▶ _Directions_
This task calls for the lines below starting at the one containing "3月2日下午,全國政協(xi" and ending at the one containing "致乐投线上平台(集团)官方网站师生的一封信", repeated exactly with both ends kept and pictures left out.
= = = = =
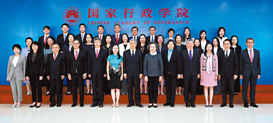 特區政府公務員事務局局長楊何蓓茵昨日上午在公務員事務局常任秘書長林雪麗陪同下,拜會謝春濤,並感謝國家行政學院長期以來對特區政府公務員培訓工作的大力支持。她表示,公務員隊伍是香港特區治理體系中的重要部分,肩負貫徹落實「一國兩制」和支持特區政府施政的責任。今次是公務員體系中最高層級人員的研修課程,是一個難得的學習機會,對掌握國家重大政策和了解錯綜複雜的世界變局,以至日後各自在決策局內制定及落實政策和措施,主動對接國家「十五五」規劃,均十分有幫助。
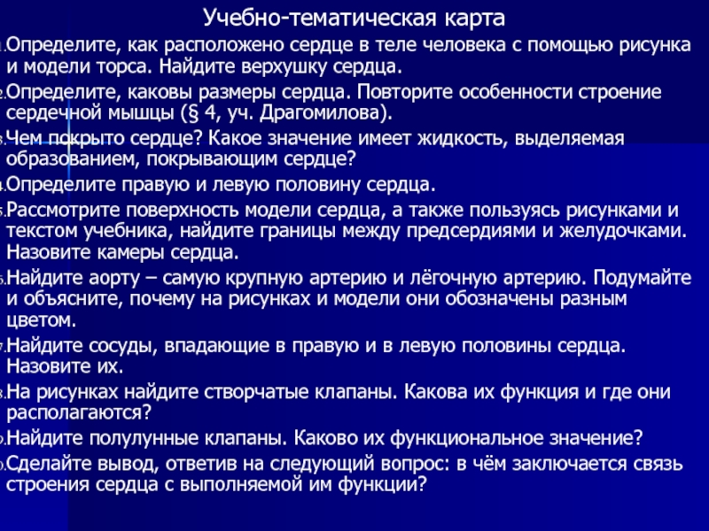 Определите, каковы размеры сердца. Повторите особенности строение сердечной мышцы (§ 4, уч. Драгомилова).
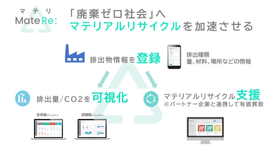 また、今後「MateRe:」(マテリ)は、排出される資源(素材、マテリアル)を再生利用可能な高付加価値材としてリサイクルすべく、排出事業者とリサイクラーのマッチングによる排出物の売却支援機能の提供を予定しています。
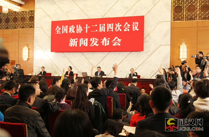 3月2日下午,全國政協(xié)十二屆四次會(huì)議新聞發(fā)布會(huì)在人民大會(huì)堂舉行,大會(huì)新聞發(fā)言人王國慶向中外媒體介紹本次大會(huì)有關(guān)情況并回答記者提問。正義網(wǎng)記者徐伯黎攝
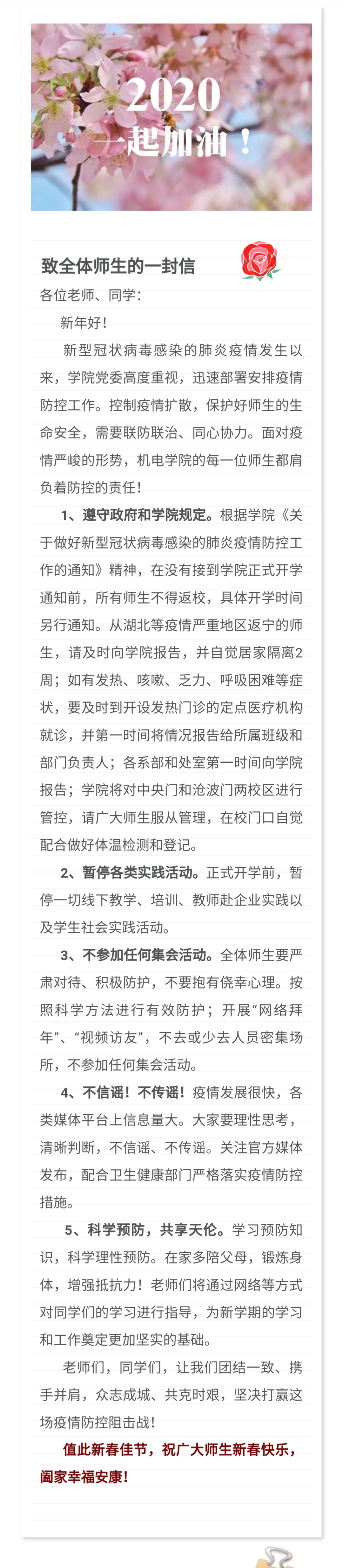 致乐投线上平台(集团)官方网站师生的一封信
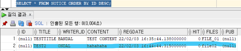 public static void main(String[] args) throws ClassNotFoundException, SQLException { String url = "jdbc:oracle:thin:@localhost:1521/xepdb1"; String sql = "INSERT INTO notice (" + " title," + " writer_id," + " content," + " files" + ") VALUES (" + " 'TESTTITLE'," + " 'BANDAL'," + " 'TEST CONTENT'," + " 'FILE_01'" + ")"; Class.forName("oracle.jdbc.driver.OracleDriver"); Connection con = DriverManager.getConnection(url,"sys as sysdba", "Ew170916!!"); Statement st = con. createStatement(); //ResultSet rs = st.executeQuery(sql); insert/update/delete에는 사용 하지 않는다. st.close(); con.close(); } }그럼 이렇게 깔끔하게 지워진 것을 확인 할 수 있다.
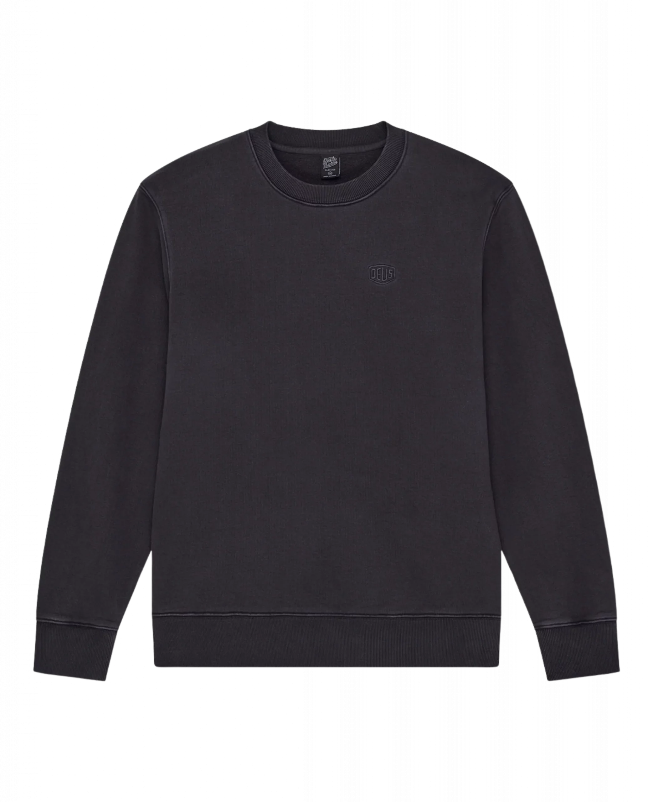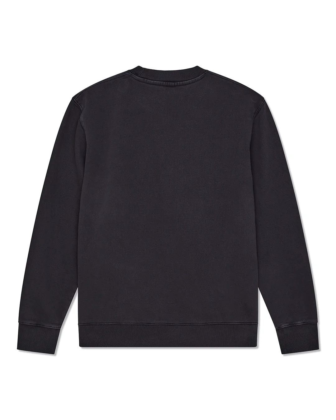 Sudadera Box Fit Crew con diseño bordado en el pecho, confeccionada en tejido de felpa gruesa con interior cepillado, teñida con pigmentos y lavada con enzimas.
= = = = =
▶ _Result for this exercise_
 3月2日下午,全國政協(xié)十二屆四次會(huì)議新聞發(fā)布會(huì)在人民大會(huì)堂舉行,大會(huì)新聞發(fā)言人王國慶向中外媒體介紹本次大會(huì)有關(guān)情況并回答記者提問。正義網(wǎng)記者徐伯黎攝
 致乐投线上平台(集团)官方网站师生的一封信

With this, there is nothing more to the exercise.